We can intellectualise The Why all day: Recurring revenue streams; De-risking at scale; operational efficiencies; service diversification.
But also, look at the margins.
North American sports agent commissions are typically capped - 3% in NFL, 4% in NBA.
Soccer agents can make 10% from the selling clubs during player transfers, plus commissions up to 6% on player wages.
Consolidation makes sense to American p/e: Bruin Capital’s As1 is the new umbrella for recent buyouts of Nomi Sports, Position Number, Promoesport, and Football Division Worldwide. The unit will be headquartered in London with nine offices across Spain, Portugal, and the UAE, with former Atletico Madrid board member Ignacio Aguillo as CEO. The most eye-catching clients are Liverpool's Luis Díaz, Manchester United's Bruno Fernandes, Chelsea's Moisés Caicedo, and Manchester United coach Rúben Amorim.

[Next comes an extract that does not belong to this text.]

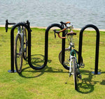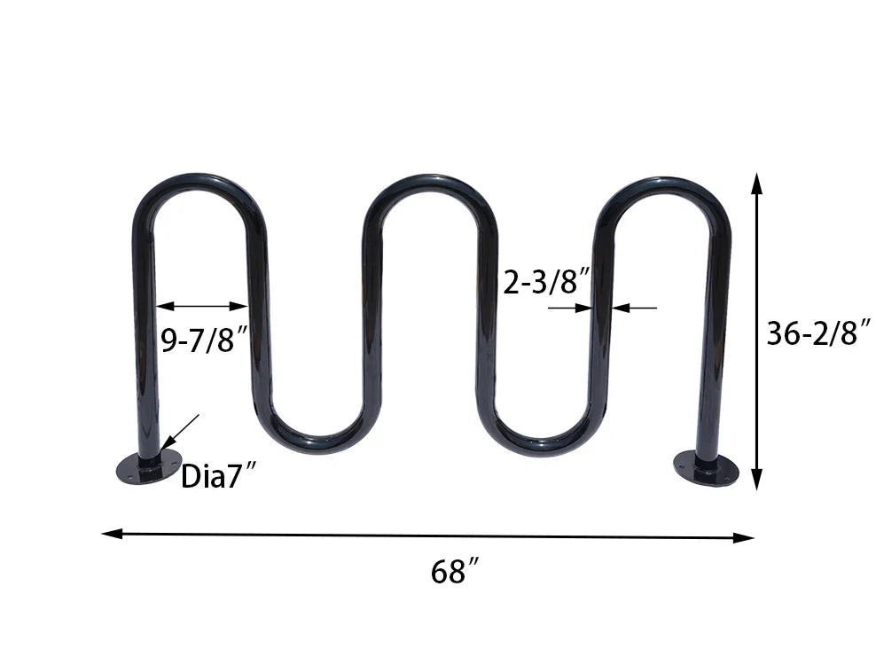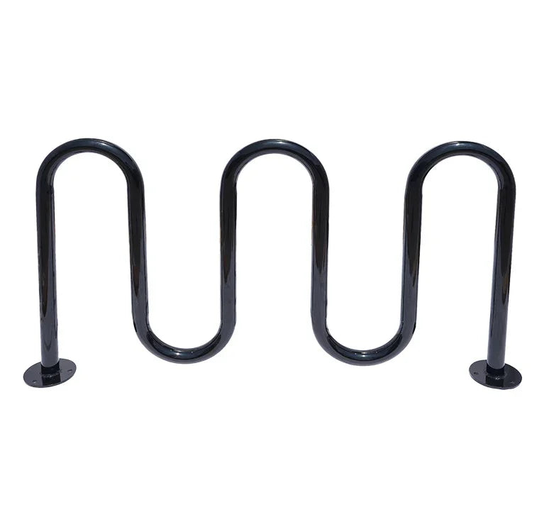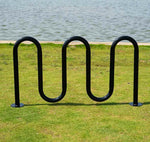 The Rolling Bike rack is where modern meets simplicity.  Functional yet aesthetically pleasing these rack provides security, stability and two-way parking access for multiple bikes.  The wave pattern is adequately spaced to allow easy pull-in parking, supporting just about every type of bicycle and popular bike locks.

Providence p/e bought in to Wasserman which used the money to redeem previous investors RedBird Capital Partners and Madrone Capital Partners, allowing founder Casey Wasserman to keep a controlling stake.
And just this month, Velocity Capital put up over $100 million in to Unique Sports Group, a London-based talent agency representing over 350 soccer players including West Ham's Aaron Wan-Bissaka and Tottenham's Brennan Johnson.
Always good to follow the money.
Students of the agency sector will see a theme to all this p/e activity and point to the sale of CAA in 2023.
CAA expanded its footprint in 2022 with a $750 million deal to acquire ICM Partners, which followed the 2019 acquisition of Base Soccer Agency and ICM's 2020 purchase of Stellar Group.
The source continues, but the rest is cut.